New research into a notorious Eastern European organized cybercrime gang accused of stealing more than $100 million from banks and businesses worldwide provides an unprecedented, behind-the-scenes look at an exclusive “business club” that dabbled in cyber espionage and worked closely with phantom Chinese firms on Russia’s far eastern border.

In the summer of 2014, the U.S. Justice Department joined multiple international law enforcement agencies and security firms in taking down the Gameover ZeuS botnet, an ultra-sophisticated, global crime machine that infected upwards of a half-million PCs.

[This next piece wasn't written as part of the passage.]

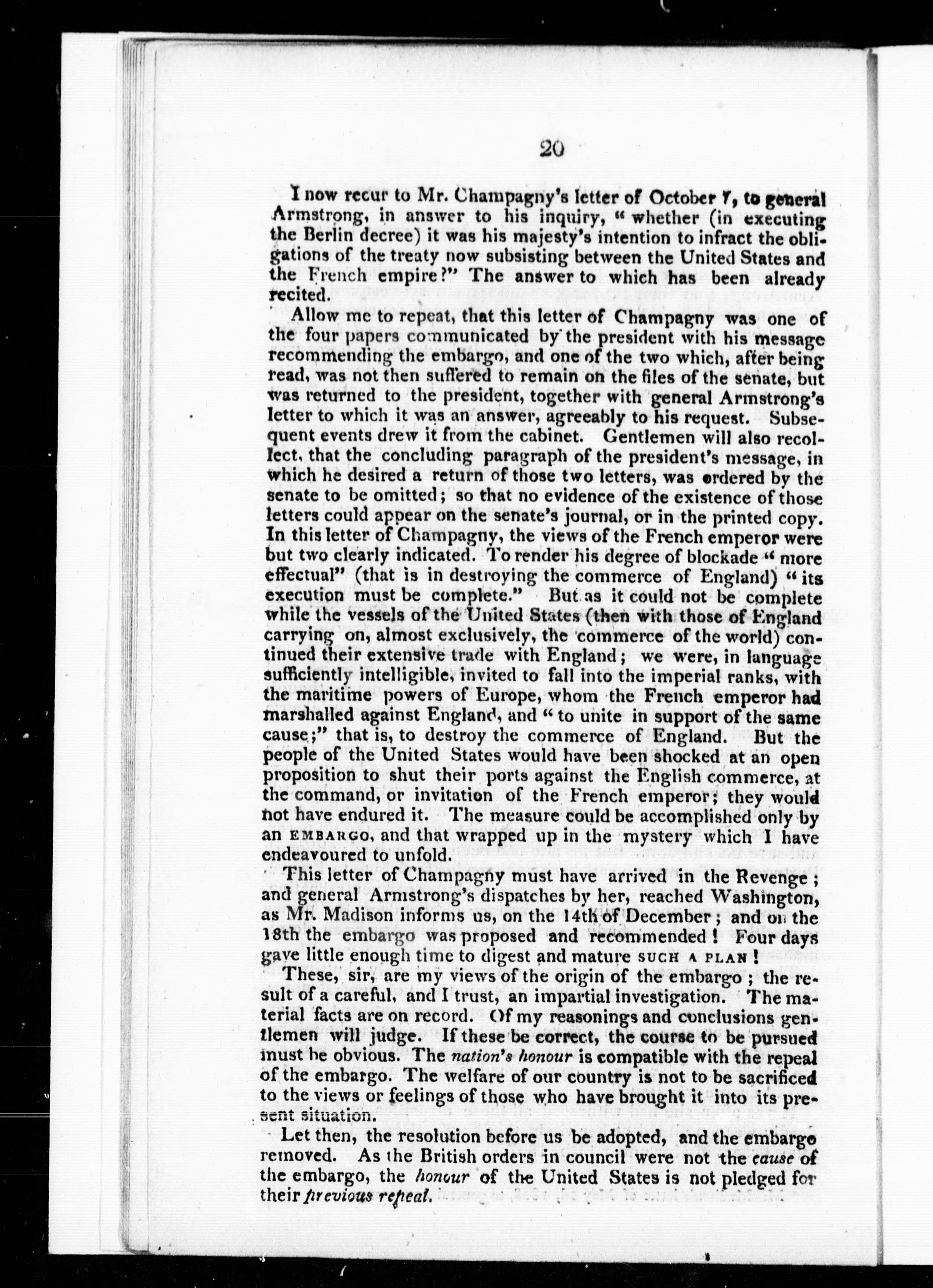 - Mr. Pickering's speech in the Senate of the United States, on the resolution offered by Mr. Hillhouse to repeal the several acts laying an embargo, November 30, 1808.

Thousands of freelance cybercrooks have used a commercially available form of the ZeuS banking malware for years to siphon funds from Western bank accounts and small businesses. Gameover ZeuS, on the other hand, was a closely-held, customized version secretly built by the ZeuS author himself (following a staged retirement) and wielded exclusively by a cadre of hackers that used the systems in countless online extortion attacks, spam and other illicit moneymaking schemes.

Last year’s takedown of the Gameover ZeuS botnet came just months after the FBI placed a $3 million bounty on the botnet malware’s alleged author — a Russian programmer named Evgeniy Mikhailovich Bogachev who used the hacker nickname “Slavik.” But despite those high-profile law enforcement actions, little has been shared about the day-to-day operations of this remarkably resourceful cybercrime gang.

That changed today with the release of a detailed report from Fox-IT, a security firm based in the Netherlands that secretly gained access to a server used by one of the group’s members. That server, which was rented for use in launching cyberattacks, included chat logs between and among the crime gang’s core leaders, and helped to shed light on the inner workings of this elite group.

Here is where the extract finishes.